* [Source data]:

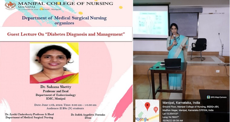Department of Medical-Surgical Nursing, Manipal College of Nursing, Manipal organized a Guest Lecture on “Diabetes diagnosis and management” on June 15, 2022, between 9.00 am and 10.00 pm for II year BSc Nursing students. Dr. Sahana Shetty, Professor and Head, Department of Endocrinology, KMC, Manipal addressed the topic. The session highlighted the causes, pathophysiology, diagnostic measures, and complications. She emphasized the management of diabetic patients with relevant clinical examples.
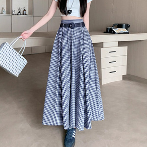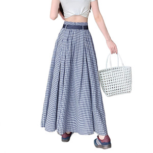 レトロチェック柄スカートレディース夏ハイウエストスリムカジュアル万能ドレープAラインプリーツ大振り傘スカート
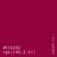 Цвет #91023D в цветовой модели RGB обозначается тремя октетами (145, 2, 61) в десятичном формате и #91023D в шестнадцатиричном (hex) формате, которые являются интенсивностью красного 145 (hex 91), интенсивность зелёного 2 (hex 02) и интенсивность синего 61 (hex 3D).
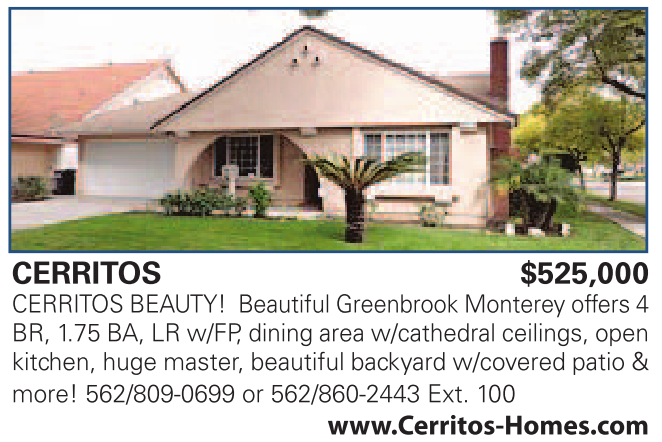CERRITOS $525,000 CERRITOS BEAUTY! Beautiful Greenbrook Monterey offers 4 BR, 1.75 BA, LR w/FP, dining area w/cathedral ceilings, open kitchen, huge master, beautiful backyard w/covered patio & more! 562/809-0699 or 562/860-2443 Ext. 100 www.Cerritos-Homes.com
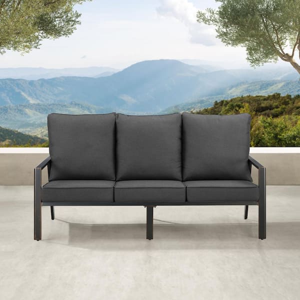 Black 1-Piece Aluminum Outdoor Deep Seating Deep Seating Couch with Cushion with Black Cushions
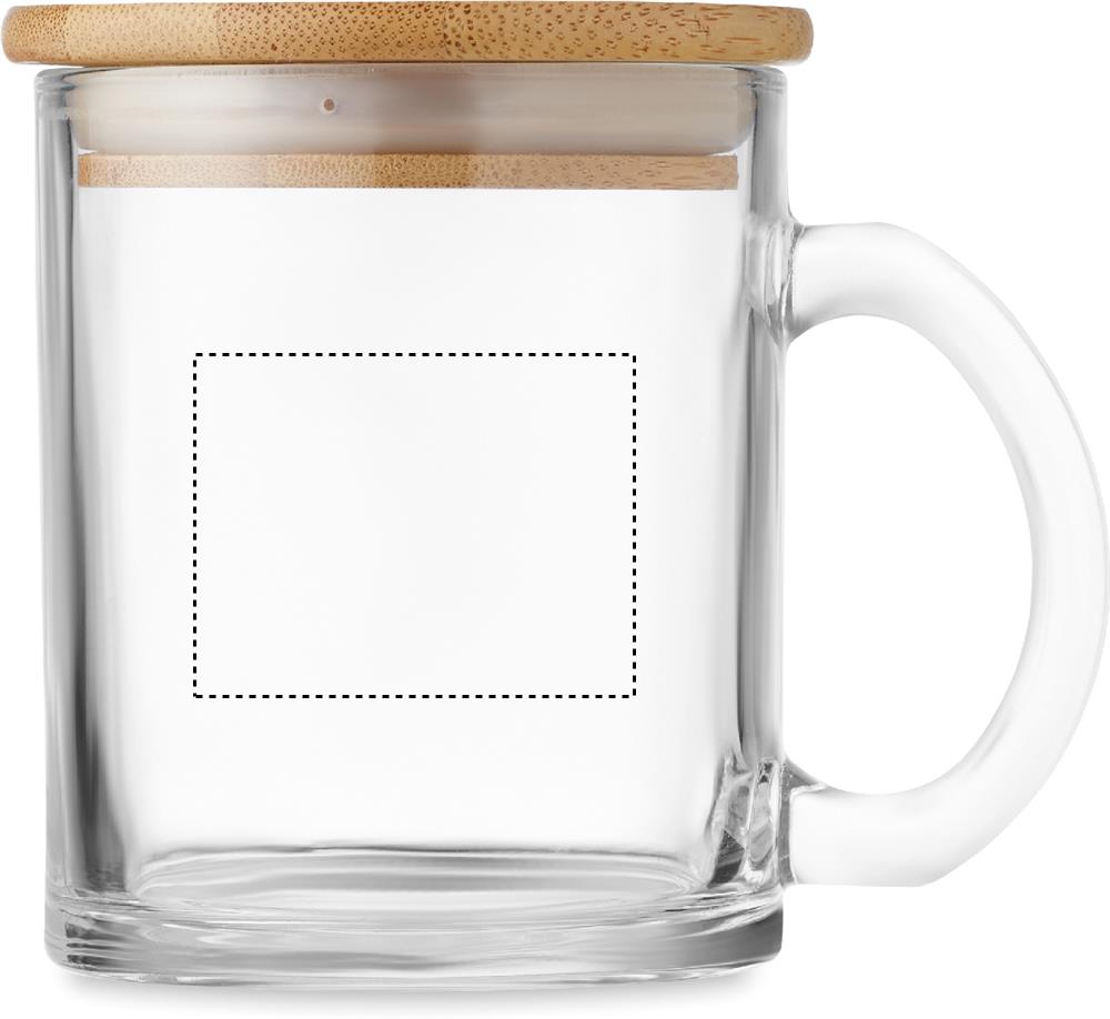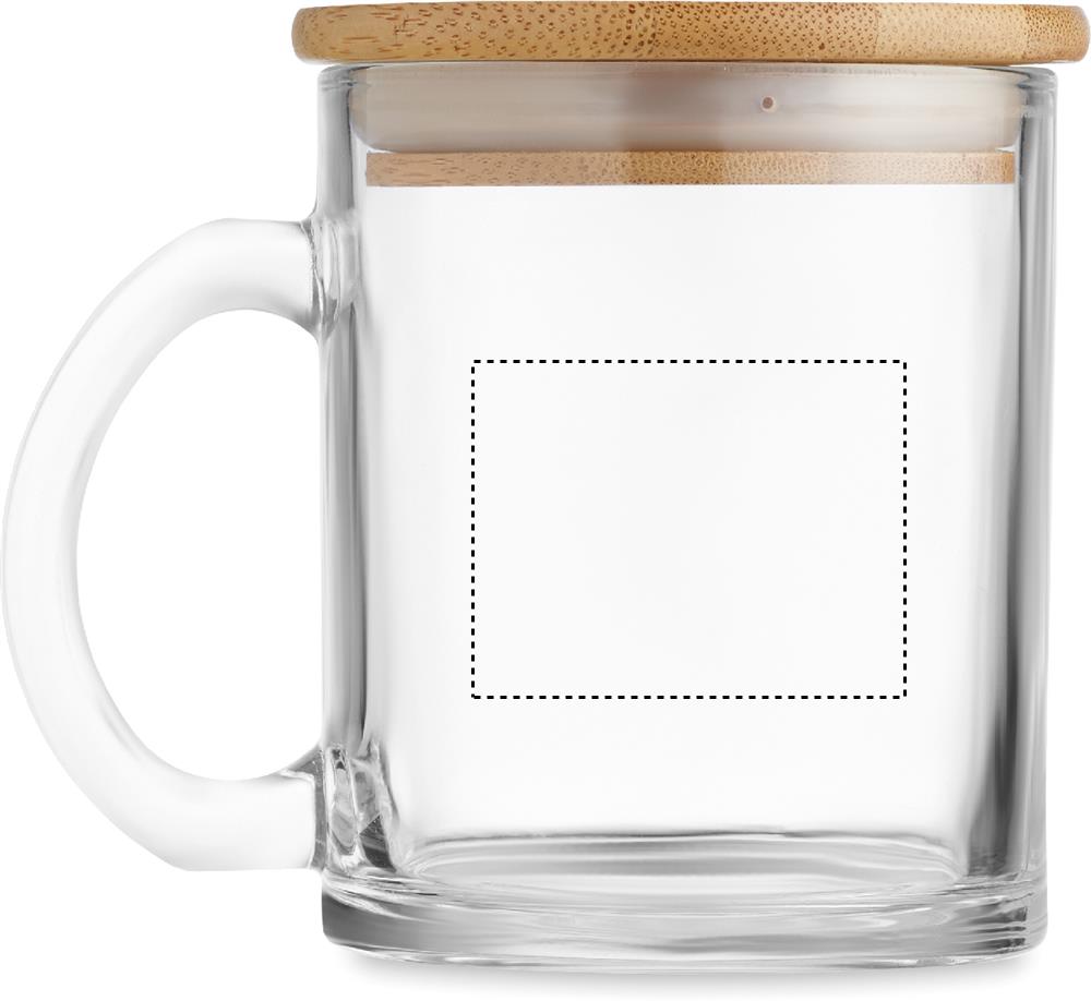 Recycled glass mug with bamboo lid. Capacity: 300 ml. Bamboo is a natural product, there may be slight variations in colour and size per item, which can affect the final decoration outcome.
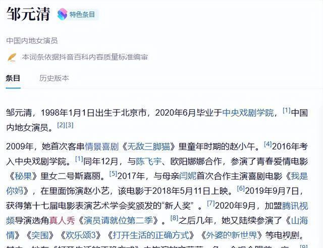 可能这也是她深受观众喜欢的原因之一吧,在闫妮的身上,总是可以感到一种韧劲。 这种感觉,可能是其跑了十年龙套依然热爱舞台,是红了十年依然接受新的挑战所带来的吧。 值得一提的是,她的女儿如今也成为了一名演员!邹元清第一次出现在荧幕,似乎是在2009年。
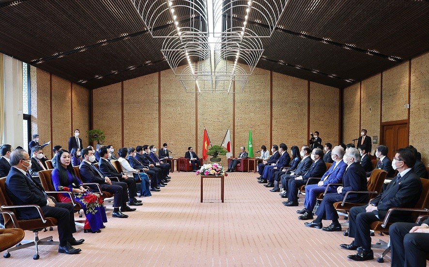 席上、発言に立ったチン首相は、「ベトナムと日本との関係が良好に発展している中で、ベトナムと日本の各企業は、協力の為の大きなチャンスに恵まれている。安定した政治、体制完備、行政改革、人材の質的向上、インフラ整備、さらに、ベトナムの人々が困難な状態にあっても団結し合い、困難を乗り越えると同時に、常にお客さんに対する暖かいおもてなしで迎えるということは、ベトナムへの投資誘致に利点である」と明らかにしました。
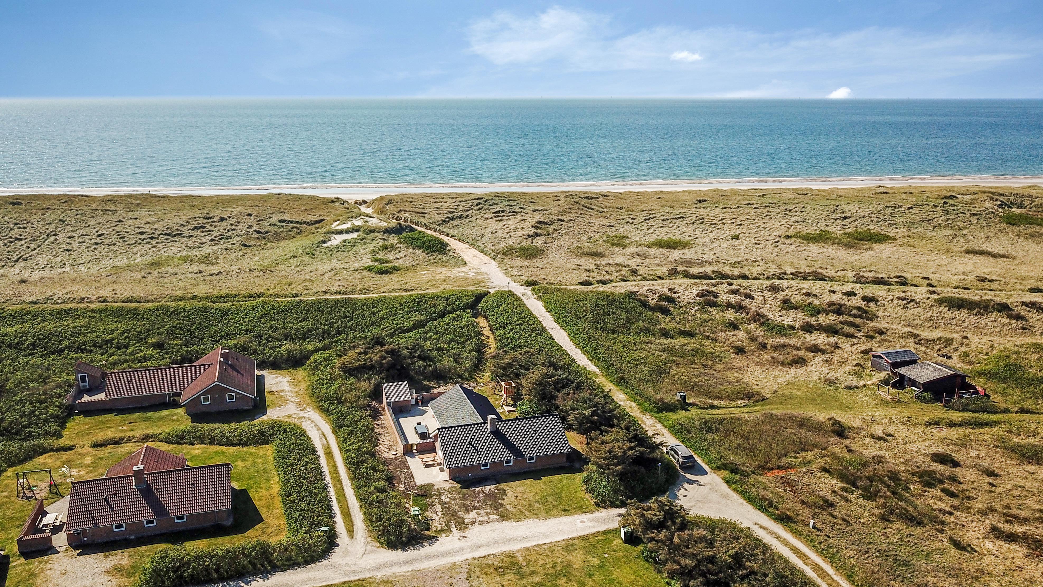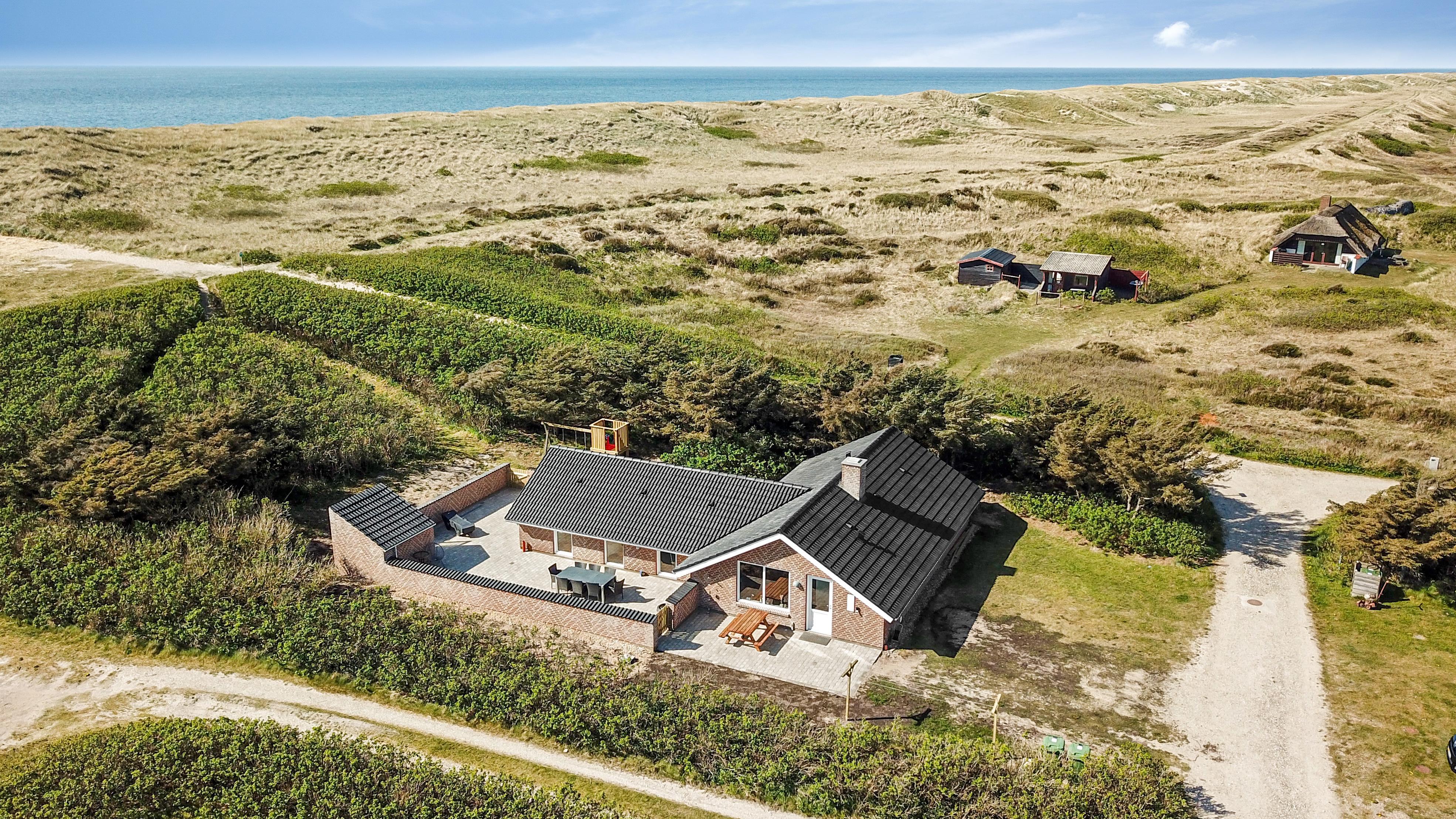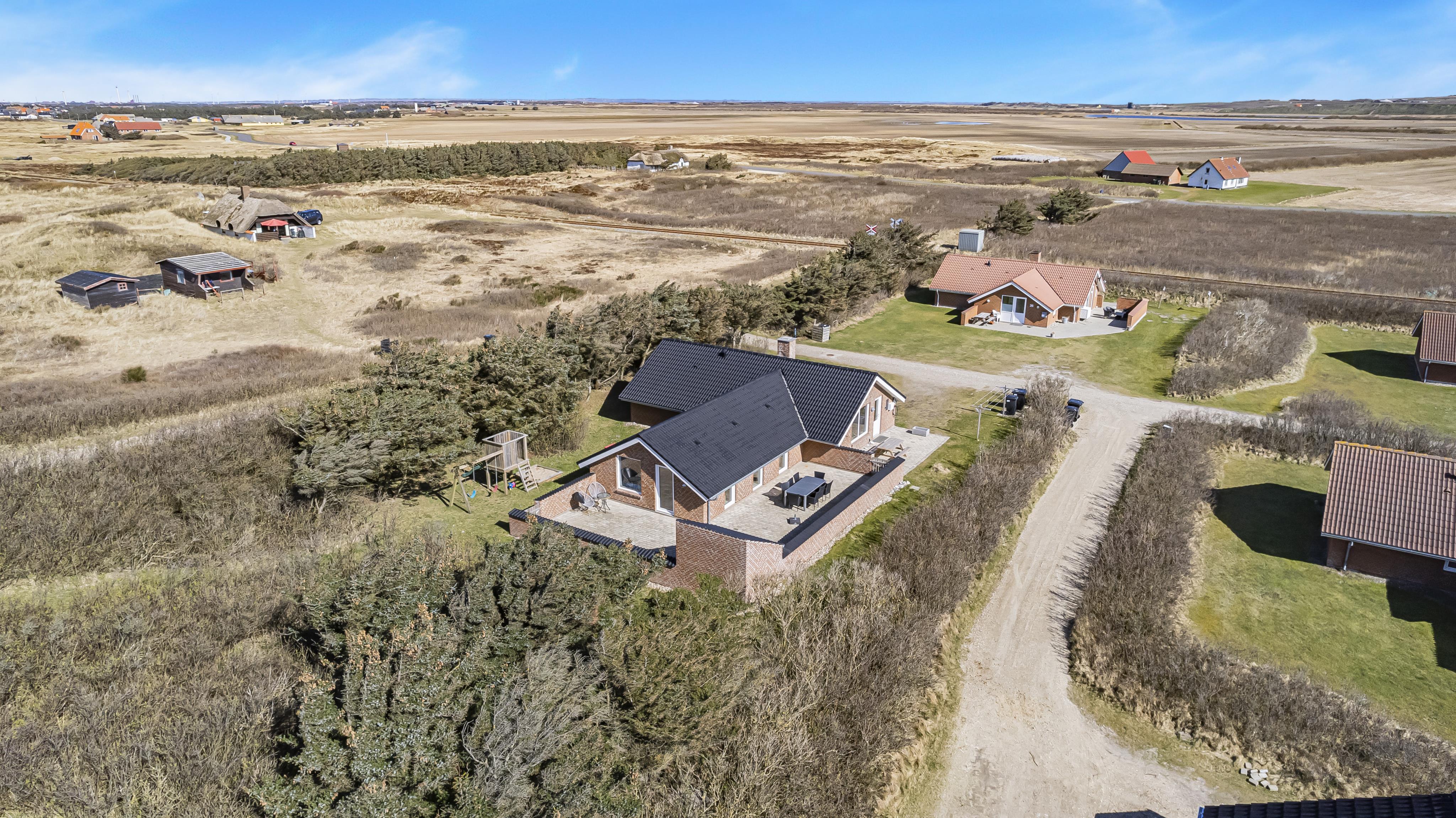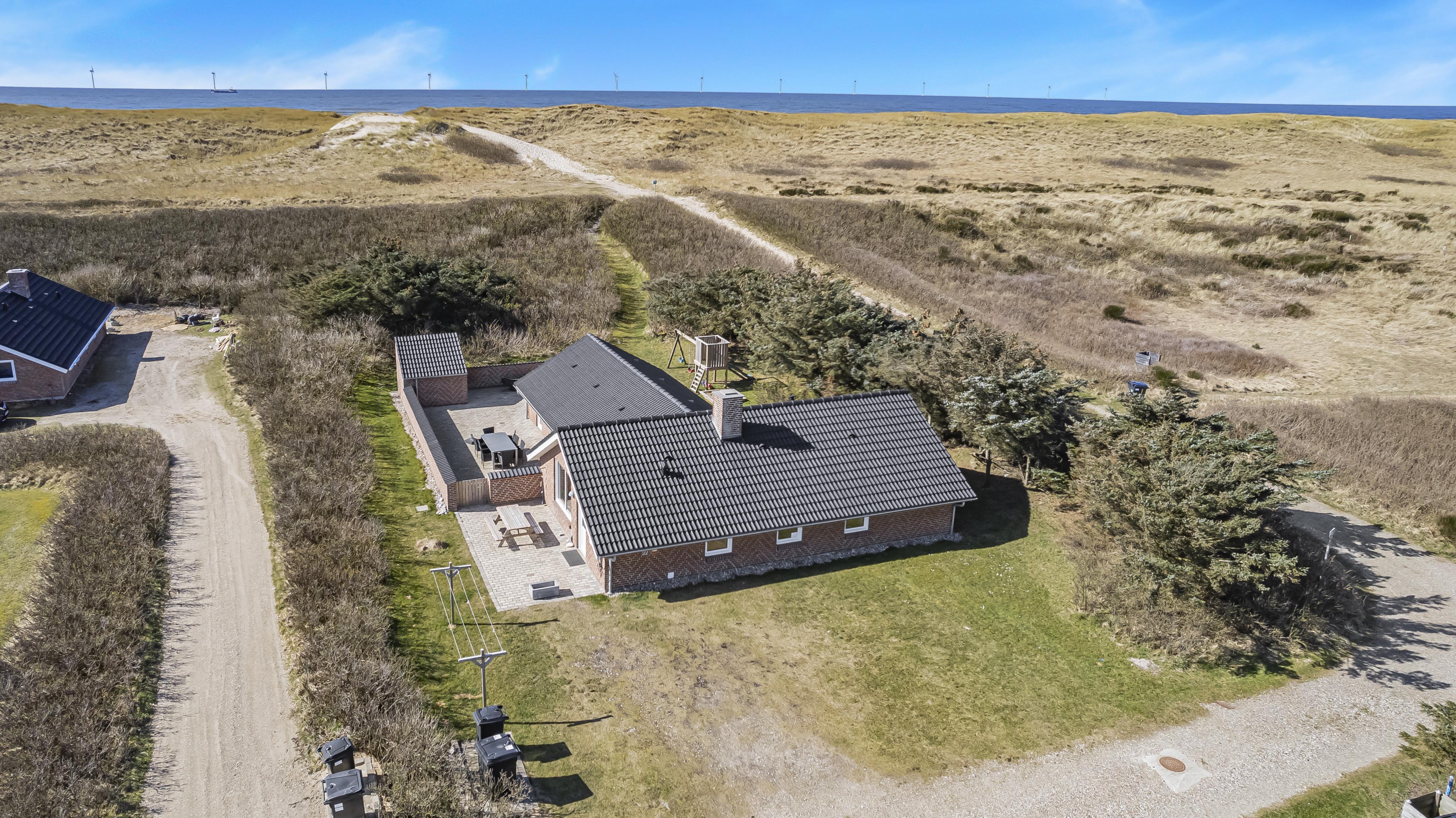 Huset ligger på en 1.407 m² stor naturgrund for enden af en blind vej – direkte op til klitterne. Fra haven er der privat sti til stranden og en stor, indhegnet terrasse med nye havemøbler, solvogne og gasgrill – ideelt til børnefamilier og gæster med hund. Her er også gynger, sandkasse og klatrestativ til børnene.
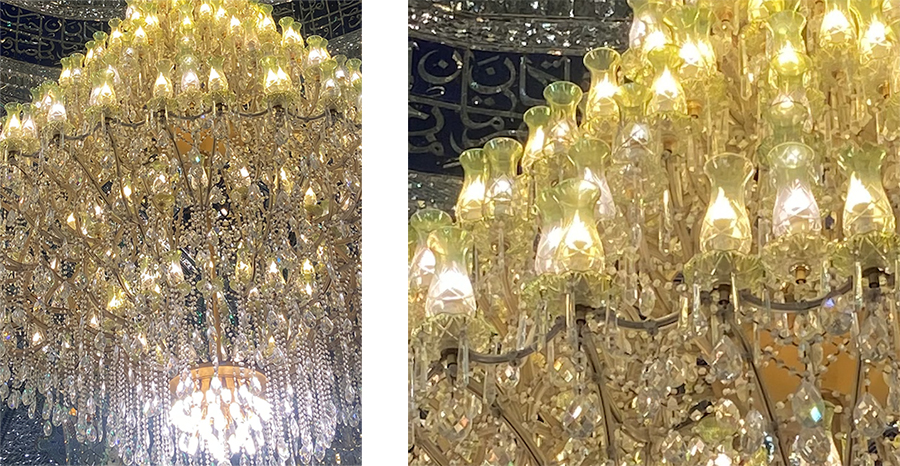 Weighing over three hundred pounds, the multi-tiered chandelier commissioned by Naser al-Din Shah (r. 1831–86) consists of a central brass body with arms extending outwards towards tulip lamps housing dimmed lightbulbs (fig. 6). In his account of the tomb based on his visit in 1883, the Qajar poet Forsat-e Shirazi (d. 1929) waxes lyrical about the lighting fixture: “The year one thousand two hundred and seventy-six [or 1859–60] is when the crystal chandeliers and abundant candles, each containing the essence of light and brightness, illuminated the eyes of the world and the spheres” (Forsat ol-Dowleh Shirazi, p. 445–46). Beyond its melodious poetry and confirmation of the chandelier’s date of installation, this observation reiterates the crucial role of lighting devices in sacred spaces and their interdependent relationship with ayeneh-kari.
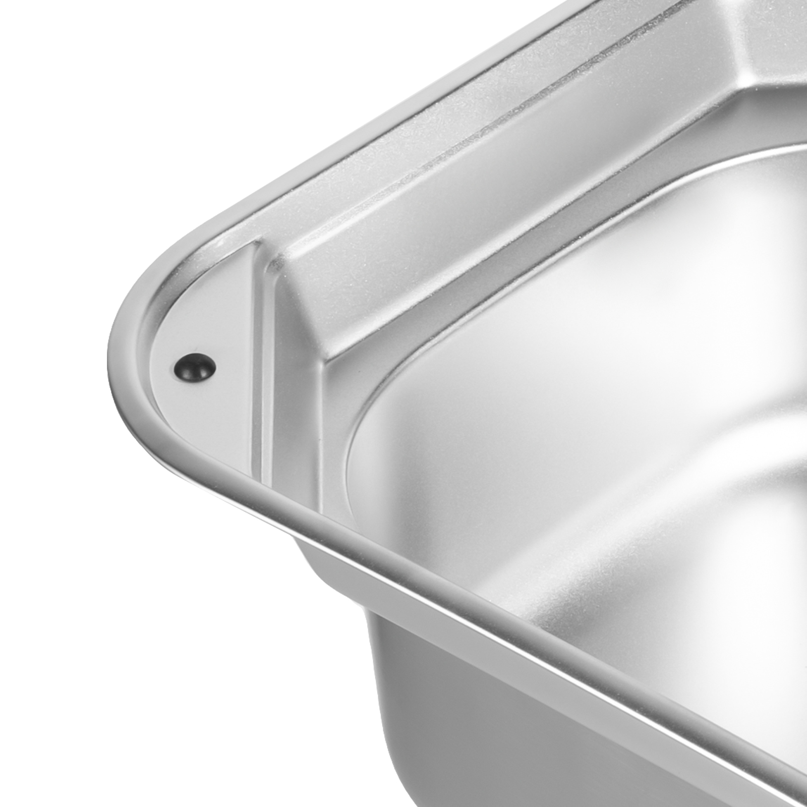 Zaokrąglone rogi: Zaokrąglony kształt wnętrza zlewu skutecznie zapobiega gromadzeniu się bakterii i plam, utrzymując go w czystości wystarczy delikatne przetarcie.
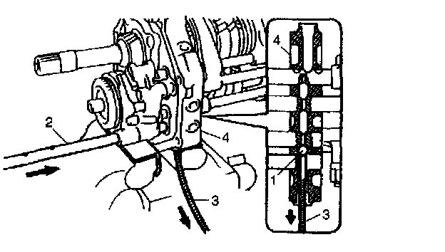 31. Supporting ball (1) with magnet (3) as shown in figure, insert 5th gear shift shaft (2) into intermediate case (4).
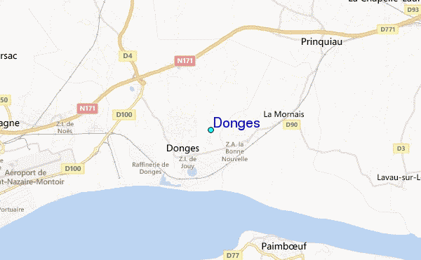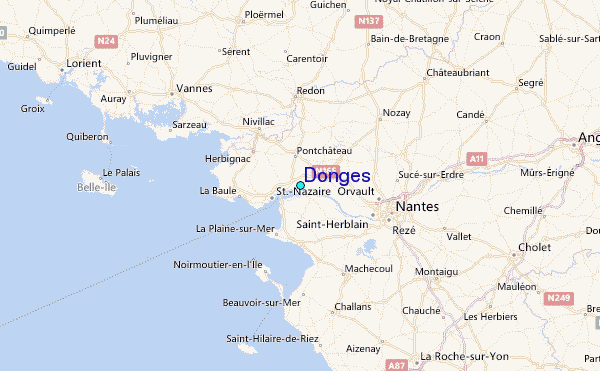 Use this relief map to navigate to tide stations, surf breaks and cities that are in the area of Donges.

* [EXERCISE DIRECTIONS]: Starting with the line that has "Recycled glass mug" and ending with the line that has "席上、発言に立ったチン首相は", repeat the lines above exactly, omitting every picture.

* [EXERCISE SOLUTION]:
 Recycled glass mug with bamboo lid. Capacity: 300 ml. Bamboo is a natural product, there may be slight variations in colour and size per item, which can affect the final decoration outcome.
 可能这也是她深受观众喜欢的原因之一吧,在闫妮的身上,总是可以感到一种韧劲。 这种感觉,可能是其跑了十年龙套依然热爱舞台,是红了十年依然接受新的挑战所带来的吧。 值得一提的是,她的女儿如今也成为了一名演员!邹元清第一次出现在荧幕,似乎是在2009年。
 席上、発言に立ったチン首相は、「ベトナムと日本との関係が良好に発展している中で、ベトナムと日本の各企業は、協力の為の大きなチャンスに恵まれている。安定した政治、体制完備、行政改革、人材の質的向上、インフラ整備、さらに、ベトナムの人々が困難な状態にあっても団結し合い、困難を乗り越えると同時に、常にお客さんに対する暖かいおもてなしで迎えるということは、ベトナムへの投資誘致に利点である」と明らかにしました。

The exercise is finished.